SOLID Principles

New
adopt
First Added:June 24, 2026

SOLID is a mnemonic for five object-oriented design principles from Robert C. Martin. Together they reduce coupling, clarify change boundaries, and keep modules testable. We adopt the set as baseline discipline in application code, not as a checklist to apply in one refactor. Start with Single Responsibility Principle and Dependency Inversion Principle where coupling hurts tests or vendor swaps.

Blurb

SOLID is a mnemonic acronym for five design principles intended to make software designs more understandable, flexible, and maintainable.

Summary

What it is: Five named principles (below) that guide how classes, modules, and services depend on each other. They complement Object-Oriented Programming but apply at any granularity where you define boundaries and interfaces.
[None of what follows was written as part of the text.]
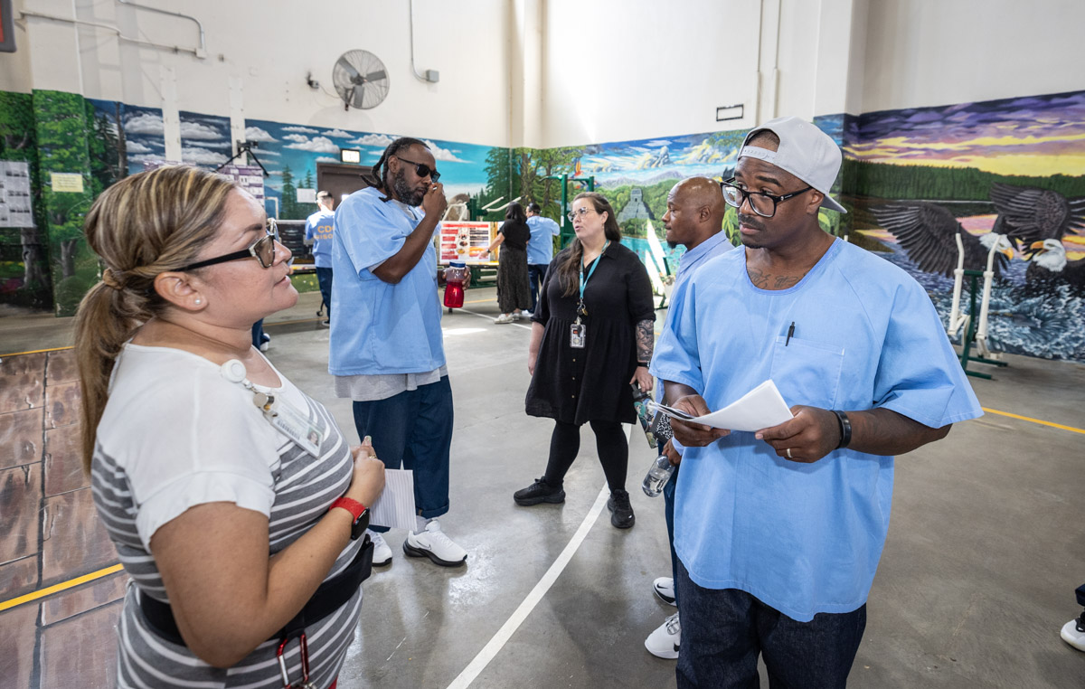 These images are of Open House events on two yards, showcasing the VISTA (Valuing Incarcerated Scholars Through Academia) program run by San Diego State University at Centinela State Prison (CEN); this is a two-year Bachelor of Arts completion degree. Current VISTA students created posters featuring their research studies, and are showing them to men who are interested in joining this program. The existing students also joined a panel discussion, during which they fielded questions about their experiences in the program.

Garden stance: Adopt as a review vocabulary and refactoring target. Hold SOLID-by-the-book layers that add abstraction without a measured pain point (no second implementation, no test seam, no churn).

LetterPrincipleGarden item
SSingle ResponsibilitySingle Responsibility Principle (adopt)
OOpen/ClosedOpen-Closed Principle (adopt)
LLiskov SubstitutionLiskov Substitution Principle (adopt)
IInterface SegregationInterface Segregation Principle (adopt)
DDependency InversionDependency Inversion Principle (adopt)

When to use: Design review, legacy refactors, and new services where frameworks or databases would otherwise leak into domain logic. Pair with First Principles when inherited structure no longer fits constraints.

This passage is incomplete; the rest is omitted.